Rose et al. published the only known meta-analysis of the treatment of RHT [77]. A literature search revealed 177 patients with RHT, with the overall mortality rate of 27.1%. When further analyzed, the mortality rates associated with the following treatments were: no treatment (100%), anticoagulation therapy (28.6%), surgical embolectomy (23.8%), and thrombolysis (11.3%). Thrombolytics were considered to have a statistically significant protective effect compared to anticoagulation and surgical embolectomy.
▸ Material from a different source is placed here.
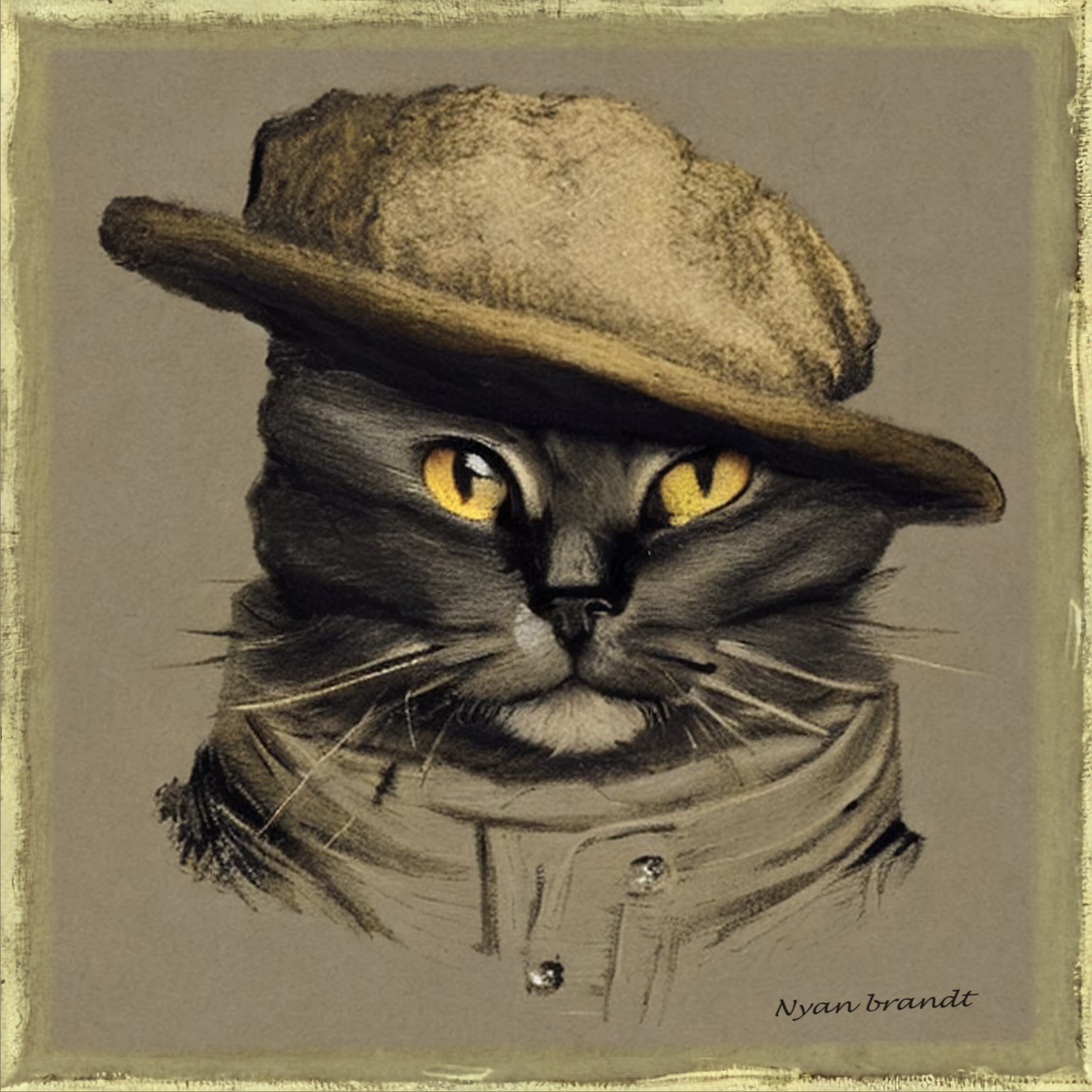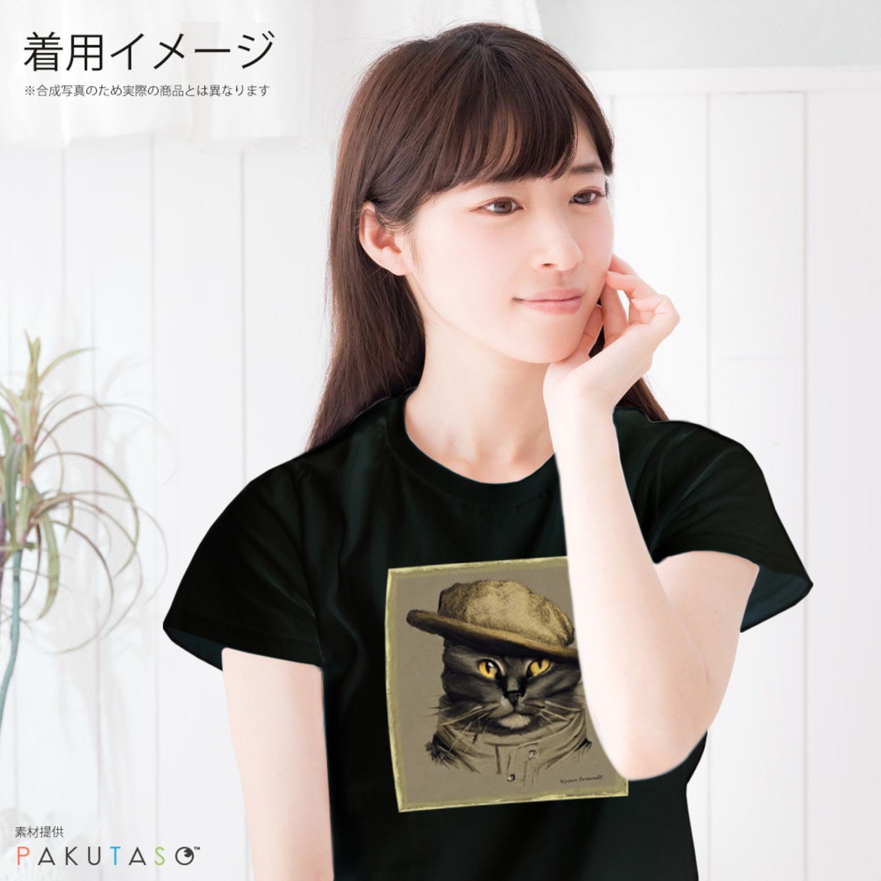 探偵風の帽子をかぶっている猫のデザインが愛らしいニャンブラントシリーズのTシャツ。

Some patients may be better suited for one therapy over another based on the clinical scenario. Patients presenting in shock may benefit the most from thrombolysis [85]. In contrast, patients who are elderly, who have undergone recent major surgery, and those with metastatic cancer are poor candidates for thrombolysis. In addition, thrombolysis in patients with PFO increases the risk of fragmentation and paradoxical embolus. There have also been case reports of patients who deteriorated after thrombolysis [72,86] with the suspected mechanism being increased clot burden traveling into the pulmonary vasculature after lysis of thrombus. On the other hand, opting for surgery is not without its risks - waiting time to set up the operating rooms, lack of surgical expertise, anesthesia, cardioplegia, and inability to remove or dissolve distal thrombi. In the instances where both thrombolysis and surgery are deemed too high-risk, percutaneous thrombectomy or anticoagulation should be considered. In the case of our patient, the treating physicians felt it too dangerous for him to undergo embolectomy or thrombolysis. He received the more conservative therapy with anticoagulation alone and subsequently improved, despite evidence that heparin by itself is a less effective treatment option as compared to the others.

This patient also had the finding of significant valvular TR on Doppler US, which may have been protective in this case by moving clots that had migrated into the RV back across the tricuspid valve into the RA thus preventing dissemination of the thrombi forward into the pulmonary vasculature. In effect, it is possible that ‘he may have been saved’ by his significant TR.